Find the sum of first all integers between 100 and 1000 which are divisible by 7.

Sure, here are the steps to find the sum of all integers between 100 and 1000 which are divisible by 7:

Step 1: Find the first and the last number divisible by 7 in the given range.

The first number greater than 100 that is divisible by 7 is 105 (since 100 ÷ 7 = 14 remainder 2, so the next multiple of 7 is 14*7 + 7 = 105).

The last number less than 1000 that is divisible by 7 is 994 (since 1000 ÷ 7 = 142 remainder 6, so the last multiple of 7 is 142*7 = 994).

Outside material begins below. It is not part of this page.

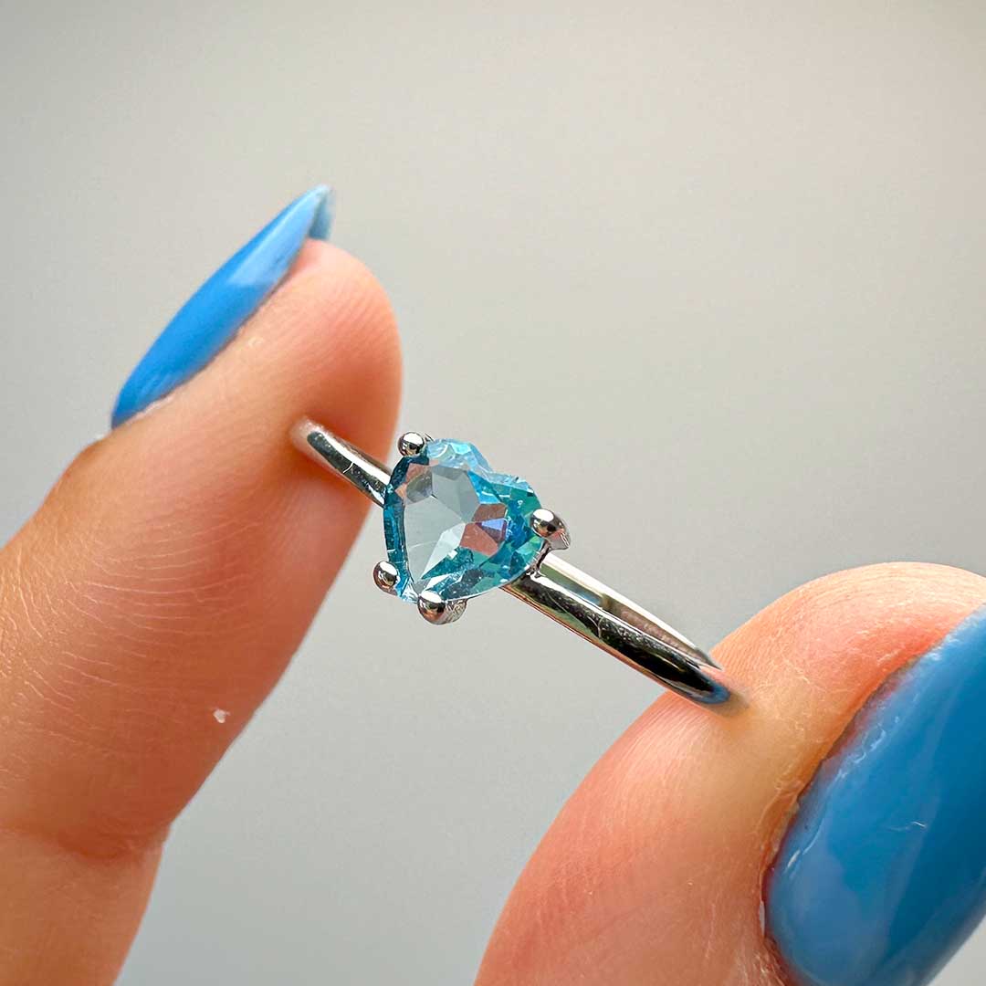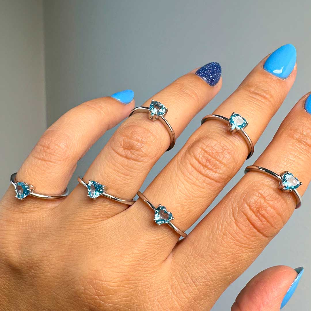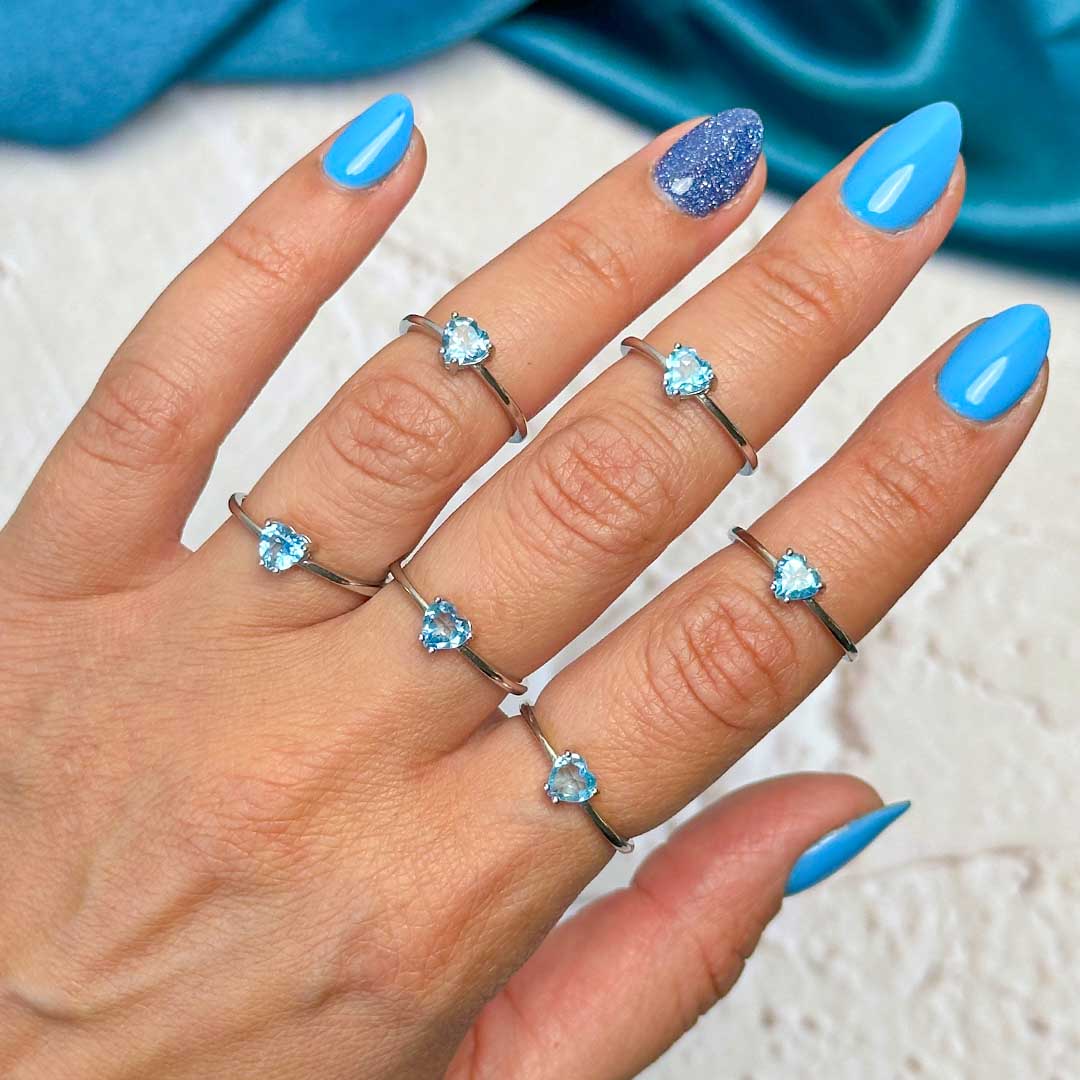 Elképesztő minőségű Topáz köves gyűrű, szív alakú fazettált kék topázzal! A topázok átlátszók, csillogók, tiszták és vízkékek - gyönyörű minőség, ezüst, állítható méretű gyűrűben!

Step 2: Find the total number of terms.

The total number of terms in an arithmetic sequence can be found using the formula: n = (l - a)/d + 1, where l is the last term, a is the first term, and d is the common difference.

Here, l = 994, a = 105, and d = 7.

So, n = (994 - 105)/7 + 1 = 127.

Step 3: Find the sum of the arithmetic sequence.

The sum of an arithmetic sequence can be found using the formula: S = n/2 * (a + l), where S is the sum, n is the number of terms, a is the first term, and l is the last term.

Here, S = 127/2 * (105 + 994) = 69985.

So, the sum of all integers between 100 and 1000 which are divisible by 7 is 69985.